少女が超能力を発揮する、という設定はよく聞く話ですね。ポルターガイスト現象の現場に少女がいた、などといった例もありますし、映画の世界でも『エクソシスト』(1973年)は少女に悪霊が乗り移り、デ・パルマ監督の『キャリー』(1976年)は厳格な母親の元に育った内気な少女が実はとんでもない能力を持っていた、という話です。

 (相棒の皆無が以前、新旧『キャリー』について記事にしております)

cinematoblog.hatenablog.com

 

 母親と少女の関係、という点で『キャリー』と『魔夏少女』は近しい作品ともいえます。少なくとも『魔夏少女』は『キャリー』を意識していることは間違いないでしょう。

 

特に象徴的なのが、『キャリー』では映画の冒頭にでてきたシャワールームでの初潮のシーン。
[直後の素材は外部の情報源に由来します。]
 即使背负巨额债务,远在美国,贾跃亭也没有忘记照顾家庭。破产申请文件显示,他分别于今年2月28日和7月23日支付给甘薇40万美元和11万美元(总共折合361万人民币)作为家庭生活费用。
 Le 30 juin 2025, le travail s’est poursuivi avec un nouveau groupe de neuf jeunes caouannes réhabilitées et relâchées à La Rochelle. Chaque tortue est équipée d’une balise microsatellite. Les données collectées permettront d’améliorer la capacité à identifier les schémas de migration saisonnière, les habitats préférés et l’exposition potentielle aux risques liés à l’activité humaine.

それが『魔夏少女』においては、学生惨殺事件の後の、少女の浴びた血を洗い流す母親という構図に変化します。この場において母親は少女の力を認識し、それを世間に隠すことを決意します。共犯と化したわけです。

 

この母親と少女の関係性に注目して両作品を見比べるととても面白いと思います。

実はラストも似て(…これ以上はネタバレになりそうなのでカット!)。

 

で、90年代あたりからジャパニーズホラーがブームになる、その何歩か手前の隠れた名作として『魔夏少女』は一部のファンに記憶されることになったのですね。

 

それは主演の小川範子の力が大きいかと思います(当時、13・4歳!)。一見、ただの美少女に見える彼女ですがその演技力や陰のある表情により、いかにも超能力使いそう系なトンデモ少女として説得力のある佇まいをしています。
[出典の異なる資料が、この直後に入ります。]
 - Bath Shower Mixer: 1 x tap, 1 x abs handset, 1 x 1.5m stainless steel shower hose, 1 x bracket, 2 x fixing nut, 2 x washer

物語の前半は駄々っ子で構ってちゃんな部分がクローズアップされ、それが超能力の発動に関わっているのですが、後半の完全に力をコントロールできるようになり、そしてその力を使うことに躊躇いを覚えない様子は、彼女でないとうまく演じきれなかったでしょう。

 

母親は少女を世間から隠そうとするのですが、その少女は母親にまでもその超能力を使おうとする…。その眼差しの何と美しいことでしょうか!

 

 

『魔夏少女』感想・評価まとめ

そんなわけで簡単に振り返った本作ですが、実は脚本家の伴一彦氏のサイトで脚本を読むことが出来ます。

こちら→魔夏少女のシナリオ

先ほどちらりと内容を確認しましたが、シナリオでも読ませる内容となっております。

 

ちなみに本作の演出をつとめた吉田秋生はこの18年後に主演の小川範子と結婚します。

 

ホラー、オカルト、サスペンス、スプラッターなどの様々なブームを取り込み、なおかつ、小川範子原田美枝子という世にもまれな美形な親子の狂った愛情の世界を描写する、どの作品とも異なる個性を持つ本作。この夏に観てみるのも一興かと思います!